* **Working data**:

####

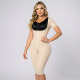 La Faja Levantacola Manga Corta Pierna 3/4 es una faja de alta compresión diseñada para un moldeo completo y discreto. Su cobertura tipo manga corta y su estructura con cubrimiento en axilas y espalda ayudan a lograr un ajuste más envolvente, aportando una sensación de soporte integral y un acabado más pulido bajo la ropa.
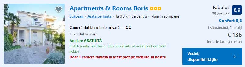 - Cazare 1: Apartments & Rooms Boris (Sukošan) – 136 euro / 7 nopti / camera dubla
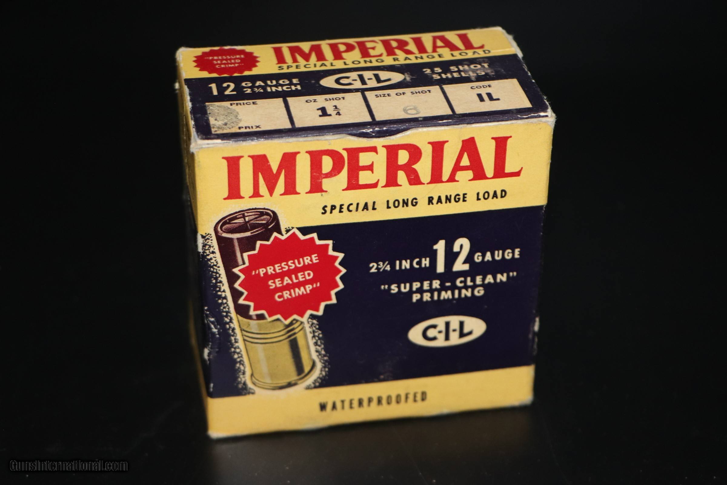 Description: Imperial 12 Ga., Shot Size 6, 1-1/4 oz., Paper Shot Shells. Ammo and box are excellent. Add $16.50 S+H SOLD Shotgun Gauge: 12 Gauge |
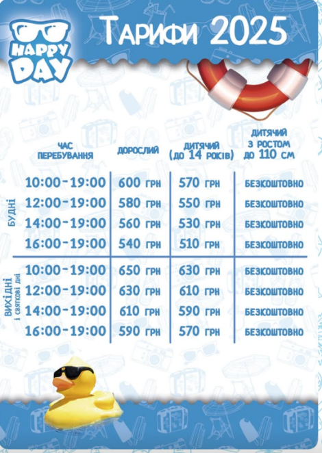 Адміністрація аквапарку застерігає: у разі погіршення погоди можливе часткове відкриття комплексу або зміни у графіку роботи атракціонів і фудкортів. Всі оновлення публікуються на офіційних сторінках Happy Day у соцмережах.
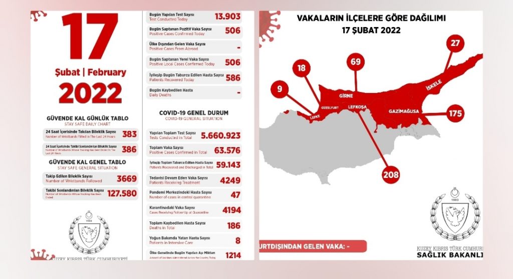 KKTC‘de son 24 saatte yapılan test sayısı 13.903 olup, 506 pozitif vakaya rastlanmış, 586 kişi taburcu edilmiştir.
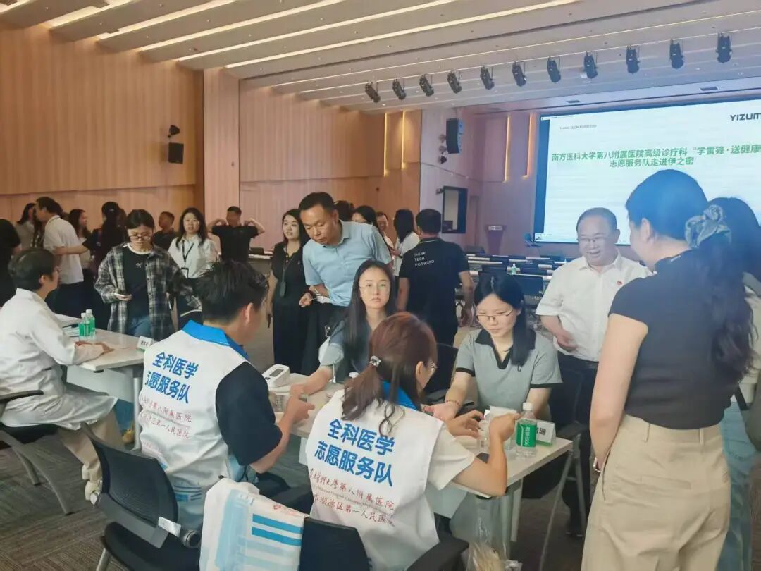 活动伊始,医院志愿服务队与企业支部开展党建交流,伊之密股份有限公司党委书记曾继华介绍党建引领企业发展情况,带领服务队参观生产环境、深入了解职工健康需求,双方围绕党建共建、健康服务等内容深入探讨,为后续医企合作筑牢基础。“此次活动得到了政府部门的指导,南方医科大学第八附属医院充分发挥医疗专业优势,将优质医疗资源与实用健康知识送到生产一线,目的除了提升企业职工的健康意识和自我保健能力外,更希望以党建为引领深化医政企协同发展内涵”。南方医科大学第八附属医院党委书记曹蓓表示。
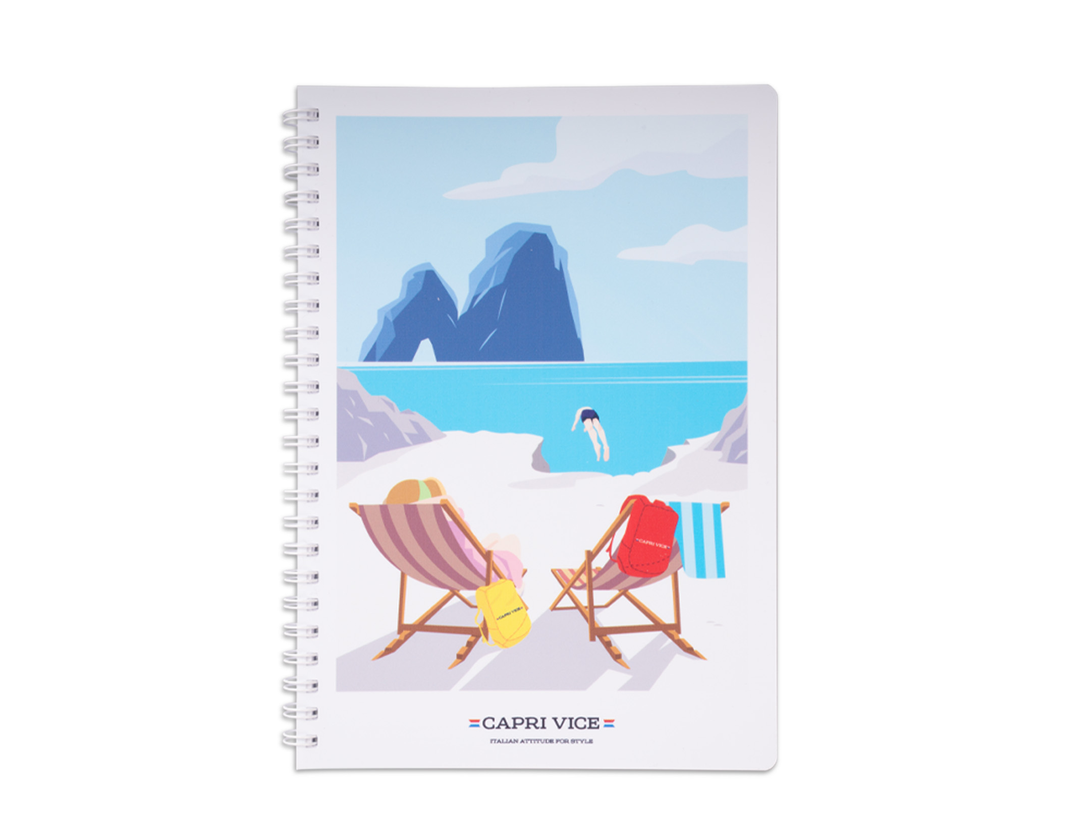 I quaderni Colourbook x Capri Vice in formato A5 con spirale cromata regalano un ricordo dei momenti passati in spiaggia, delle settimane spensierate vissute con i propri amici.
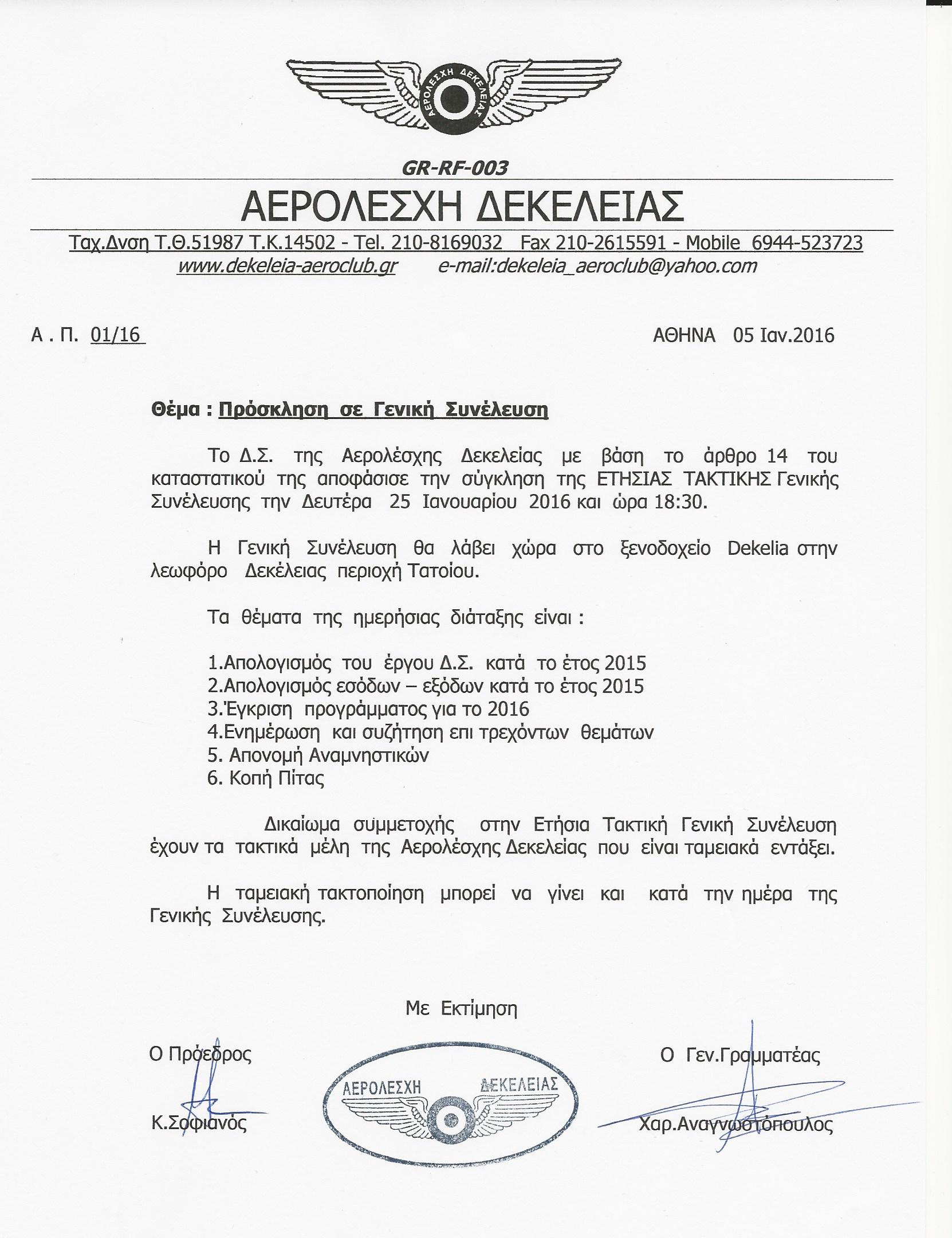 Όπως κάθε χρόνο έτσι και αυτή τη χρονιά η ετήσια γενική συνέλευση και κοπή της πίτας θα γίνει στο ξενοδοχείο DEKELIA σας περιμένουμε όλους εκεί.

####

* **Assignment**: The expected answer is the line with "- Cazare 1: Apartments" followed by every remaining line of the listing, each restated exactly, with all pictures dropped.

* **Solution for this task**:
 - Cazare 1: Apartments & Rooms Boris (Sukošan) – 136 euro / 7 nopti / camera dubla
 Description: Imperial 12 Ga., Shot Size 6, 1-1/4 oz., Paper Shot Shells. Ammo and box are excellent. Add $16.50 S+H SOLD Shotgun Gauge: 12 Gauge |
 Адміністрація аквапарку застерігає: у разі погіршення погоди можливе часткове відкриття комплексу або зміни у графіку роботи атракціонів і фудкортів. Всі оновлення публікуються на офіційних сторінках Happy Day у соцмережах.
 KKTC‘de son 24 saatte yapılan test sayısı 13.903 olup, 506 pozitif vakaya rastlanmış, 586 kişi taburcu edilmiştir.
 活动伊始,医院志愿服务队与企业支部开展党建交流,伊之密股份有限公司党委书记曾继华介绍党建引领企业发展情况,带领服务队参观生产环境、深入了解职工健康需求,双方围绕党建共建、健康服务等内容深入探讨,为后续医企合作筑牢基础。“此次活动得到了政府部门的指导,南方医科大学第八附属医院充分发挥医疗专业优势,将优质医疗资源与实用健康知识送到生产一线,目的除了提升企业职工的健康意识和自我保健能力外,更希望以党建为引领深化医政企协同发展内涵”。南方医科大学第八附属医院党委书记曹蓓表示。
 I quaderni Colourbook x Capri Vice in formato A5 con spirale cromata regalano un ricordo dei momenti passati in spiaggia, delle settimane spensierate vissute con i propri amici.
 Όπως κάθε χρόνο έτσι και αυτή τη χρονιά η ετήσια γενική συνέλευση και κοπή της πίτας θα γίνει στο ξενοδοχείο DEKELIA σας περιμένουμε όλους εκεί.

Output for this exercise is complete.